--- What you have to do ---
Write out the data word for word and omit every picture.

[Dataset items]
::::

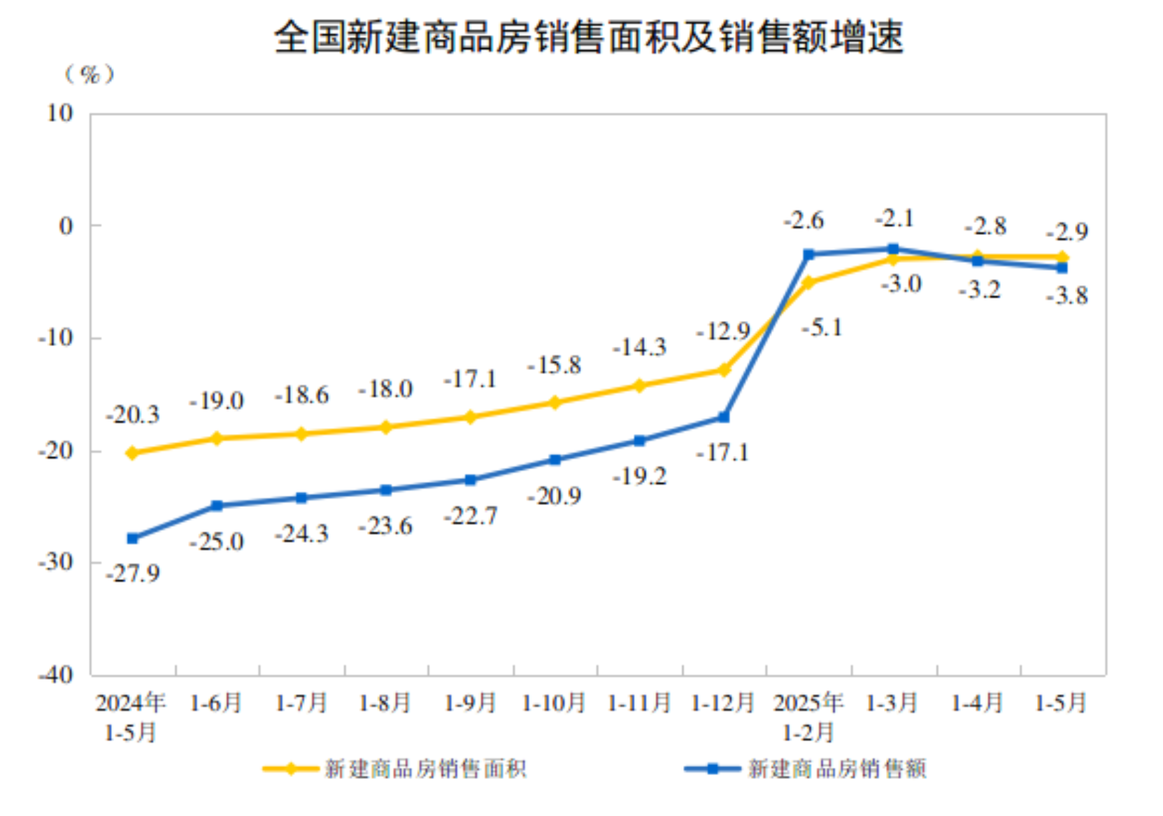 1—5月份,新建商品房销售面积35315万平方米,同比下降2.9%;其中住宅销售面积下降2.6%。新建商品房销售额34091亿元,下降3.8%;其中住宅销售额下降2.8%。
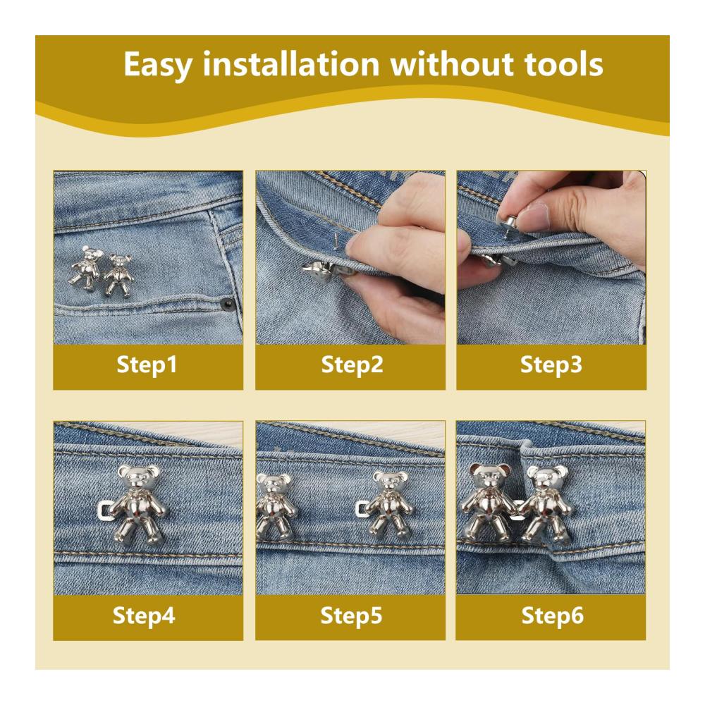 Die Installation ist ein Kinderspiel – kein Nähen, kein Werkzeug erforderlich. Das einzigartige Slot-Design sorgt dafür, dass die Knöpfe fest sitzen, ohne zu verrutschen. Verkleinern Sie mühelos die Taillengröße Ihrer Jeans und verleihen Sie ihnen eine individuelle Note.
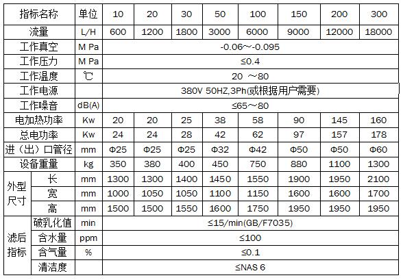 Z系列不銹鋼液壓油高效濾油機(jī)參數(shù):
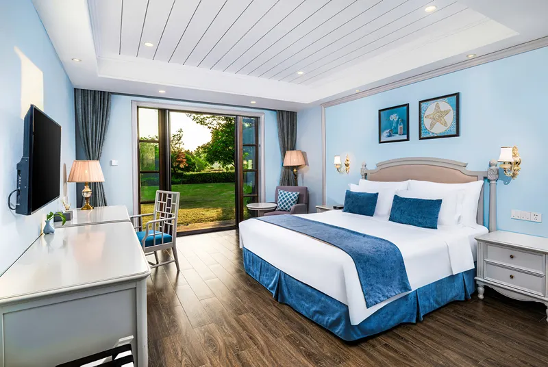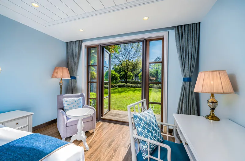 想带毛孩子开启惬意旅居?来这间庭院大床房就对啦~清新的蓝白主色调,像把海边的清爽全搬了进来,墙上海星、海洋元素挂画,更添几分灵动。推开落地窗,绿意盎然的庭院就在眼前,毛孩子能撒欢奔跑、嗅闻探索。室内大床柔软舒适,窝在上面超解压,旁边还有精致座椅,能伴着庭院景致,和毛孩子一起享受悠闲时光。
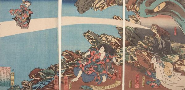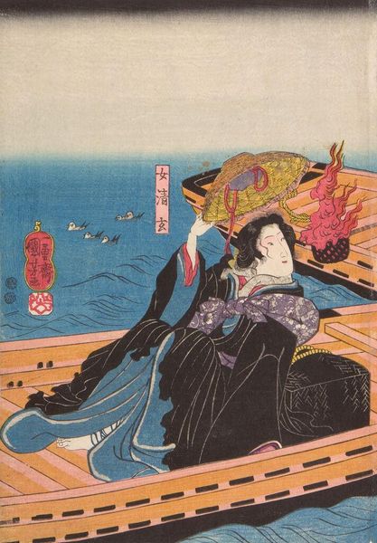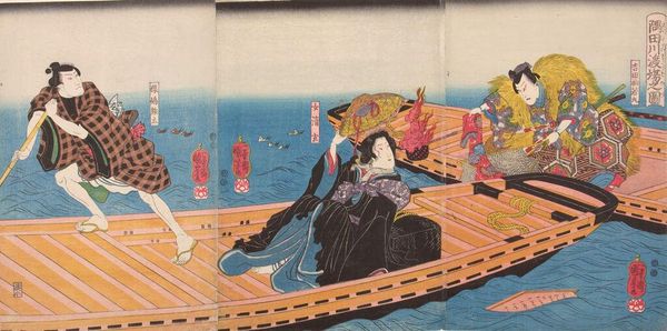 Curator: This woodblock print, currently held at the Harvard Art Museums, is titled "Sumida River Crossing" and was created by Utagawa Kuniyoshi, who lived from 1797 to 1861. Editor: There's such intense energy, almost frantic, in this image. The figure, with that straw overcoat, looks caught in a moment of frantic escape across the water. Curator: Absolutely, this work resonates strongly with themes of marginalization and the struggle for survival in Edo-period Japan, considering Kuniyoshi's focus on societal outcasts and the narratives he often depicted. The figure's attire, while seemingly rustic, points towards a deeper commentary on class and status. Editor: I’m also drawn to the composition. The almost brutal diagonal of the boat slices through the space, creating a sense of urgency. And that single rudder? Vulnerable! Curator: The rudder's presence, or lack thereof, speaks volumes about agency and control, or rather the lack thereof, within the context of the Sumida River as a historical and symbolic space of transit and transformation. Editor: Right? Like a desperate prayer cast upon the current. I guess it’s just a feeling, but this piece really speaks to the fragility of life, you know? Curator: Indeed, the piece invites us to reflect on broader themes of resilience, resistance, and the precariousness of existence.
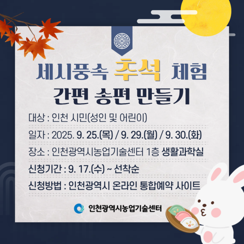 참가비는 무료이며, 프로그램은 추석의 유래와 의미를 배우는 교육 과정과 송편 만들기 체험으로 구성된다. 특히 간편하게 만들 수 있는 송편 체험을 통해 가족이 함께 참여하며 명절 분위기를 느낄 수 있도록 했다.
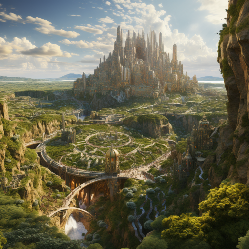 massive midevil mega city with giant walls and lush farmland
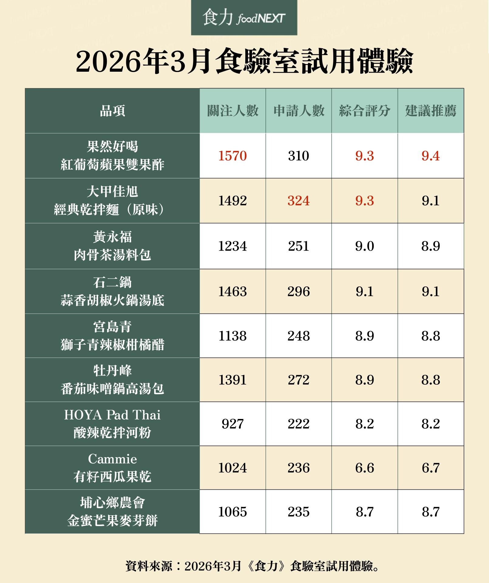 全台最大的免費試吃平台「食驗室」週週都有新驚喜!只要成為《食力》會員,就有機會免費把多樣好物帶回家,每檔名額最高多達100份。在2026年3月中,共推出了9檔活動,一起回顧這些超人氣的精選項目!

::::

--- Expected answer ---
 1—5月份,新建商品房销售面积35315万平方米,同比下降2.9%;其中住宅销售面积下降2.6%。新建商品房销售额34091亿元,下降3.8%;其中住宅销售额下降2.8%。
 Die Installation ist ein Kinderspiel – kein Nähen, kein Werkzeug erforderlich. Das einzigartige Slot-Design sorgt dafür, dass die Knöpfe fest sitzen, ohne zu verrutschen. Verkleinern Sie mühelos die Taillengröße Ihrer Jeans und verleihen Sie ihnen eine individuelle Note.
 Z系列不銹鋼液壓油高效濾油機(jī)參數(shù):
 想带毛孩子开启惬意旅居?来这间庭院大床房就对啦~清新的蓝白主色调,像把海边的清爽全搬了进来,墙上海星、海洋元素挂画,更添几分灵动。推开落地窗,绿意盎然的庭院就在眼前,毛孩子能撒欢奔跑、嗅闻探索。室内大床柔软舒适,窝在上面超解压,旁边还有精致座椅,能伴着庭院景致,和毛孩子一起享受悠闲时光。
 Curator: This woodblock print, currently held at the Harvard Art Museums, is titled "Sumida River Crossing" and was created by Utagawa Kuniyoshi, who lived from 1797 to 1861. Editor: There's such intense energy, almost frantic, in this image. The figure, with that straw overcoat, looks caught in a moment of frantic escape across the water. Curator: Absolutely, this work resonates strongly with themes of marginalization and the struggle for survival in Edo-period Japan, considering Kuniyoshi's focus on societal outcasts and the narratives he often depicted. The figure's attire, while seemingly rustic, points towards a deeper commentary on class and status. Editor: I’m also drawn to the composition. The almost brutal diagonal of the boat slices through the space, creating a sense of urgency. And that single rudder? Vulnerable! Curator: The rudder's presence, or lack thereof, speaks volumes about agency and control, or rather the lack thereof, within the context of the Sumida River as a historical and symbolic space of transit and transformation. Editor: Right? Like a desperate prayer cast upon the current. I guess it’s just a feeling, but this piece really speaks to the fragility of life, you know? Curator: Indeed, the piece invites us to reflect on broader themes of resilience, resistance, and the precariousness of existence.
 참가비는 무료이며, 프로그램은 추석의 유래와 의미를 배우는 교육 과정과 송편 만들기 체험으로 구성된다. 특히 간편하게 만들 수 있는 송편 체험을 통해 가족이 함께 참여하며 명절 분위기를 느낄 수 있도록 했다.
 massive midevil mega city with giant walls and lush farmland
 全台最大的免費試吃平台「食驗室」週週都有新驚喜!只要成為《食力》會員,就有機會免費把多樣好物帶回家,每檔名額最高多達100份。在2026年3月中,共推出了9檔活動,一起回顧這些超人氣的精選項目!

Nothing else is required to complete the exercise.